Jak radzicie sobie z głodem cukrowym?? Ja mam obawy, że zacznę jeść słone przekąski..
- Dołączył: 2011-08-03
- Miasto: Warszawa
- Liczba postów: 2182
1 grudnia 2011, 13:22
mogę dołączyć?? walcze każdego dnia :/
1 grudnia 2011, 13:33
FatLollipop pewnie że możesz!

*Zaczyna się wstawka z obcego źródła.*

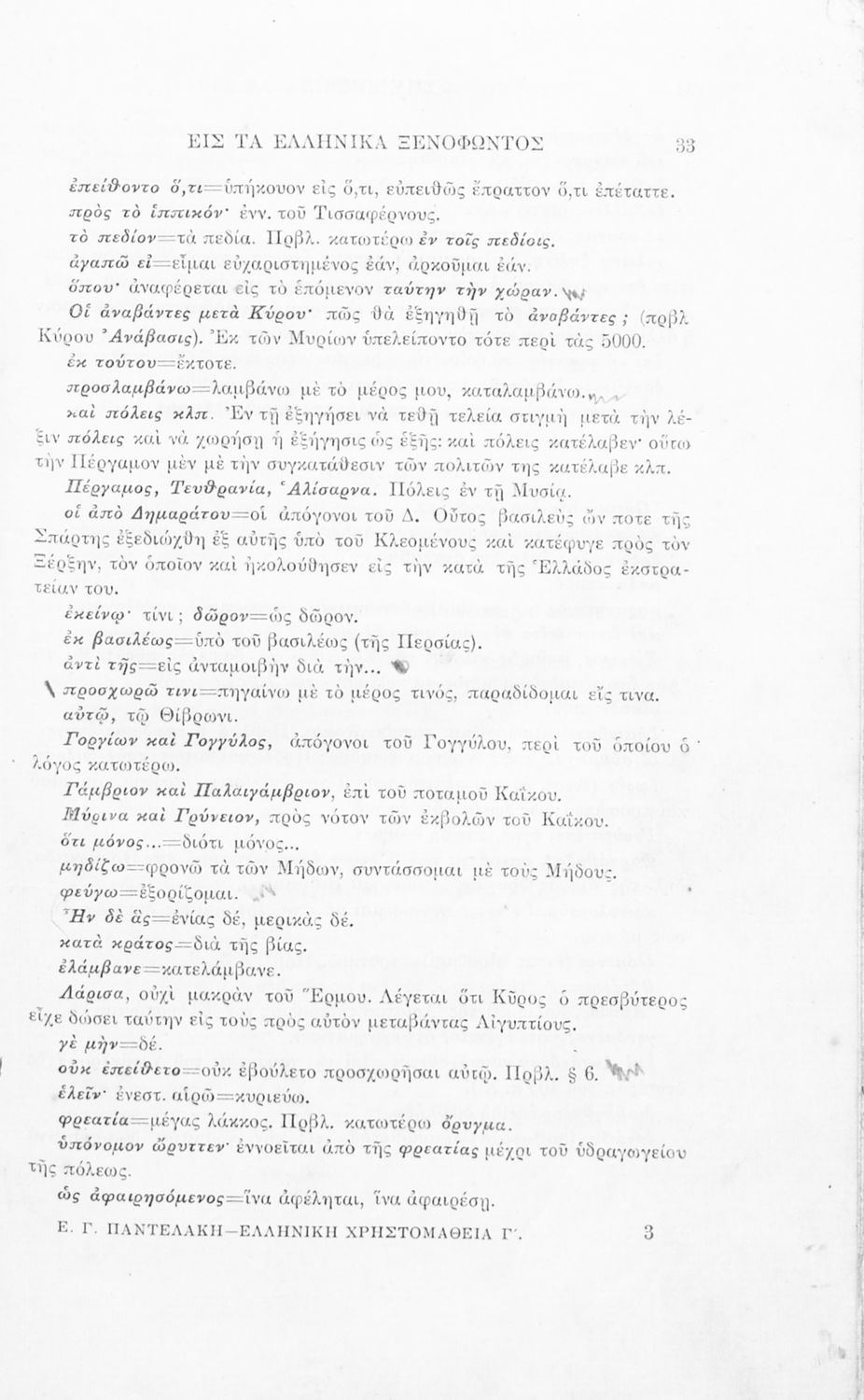 Σχολικό εγχειρίδιο Αρχαίων Ελληνικών για τα Ελληνικά Σχολεία και Παρθεναγωγεία που περιλαμβάνει αποσπάσματα από το έργο του Ξενοφώντα Κύρου Ανάβασις, και λεξικογραφικές παρατηρήσεις.
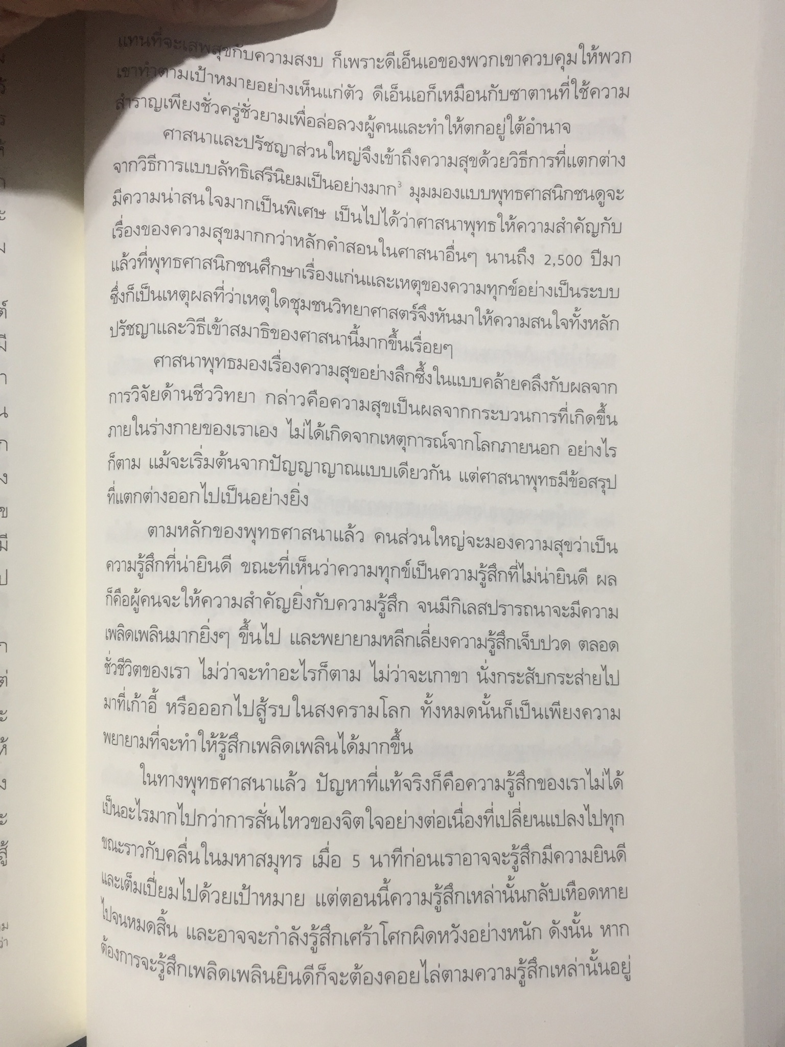 ...ศาสนาและปรัชญาส่วนใหญ่จึงเข้าถึงความสุขด้วยวิธีการที่แตกต่างจากวิธีการแบบลัทธิเสรีนิยมเป็นอย่างมาก มุมมองแบบพุทธศาสนิกชนดูจะมีความน่าสนใจมากเป็นพิเศษ เป็นไปได้ว่าศาสนาพุทธให้ความสำคัญกับเรื่องของความสุขมากกว่าคำสอนในศาสนาอื่น ๆ นานถึง 2,500 ปีมาแล้วที่พุทธศาสนิกชนศึกษาเรื่องแก่นและเหตุของความทุกข์อย่างเป็นระบบ ซึ่งก็เป็นเหตุผลที่ว่าเหตุใดชุมชนวิทยาศาสตร์จึงหันมาให้ความสนใจทั้งหลักปรัชญาและวิธีเข้าสมาธิของศาสนานี้มากขึ้นเรื่อย ๆ

Im nas więcej tym lepiej:) Już dopisuję Cię do tabelki(str 4), napiszesz czy jadłaś słodkości od poniedziałku?
1 grudnia 2011, 14:20
mozesz mozesz, a ty jedz mandarynki to nie bedziesz miała ochoty na słodkie:)
a ja dzis byłam w cukierni kupic ciasto na imieniny ,,, ach ile pokus. ale wytrzymałam:)
- Dołączył: 2007-07-18
- Miasto: Łódź
- Liczba postów: 365
1 grudnia 2011, 18:12
Witamy!:-)
Fretka5. Kupowałaś ciasto i nie spróbowałaś? Wow, niesamowita wytrwałość, gratuluję i zazdroszczę.;-)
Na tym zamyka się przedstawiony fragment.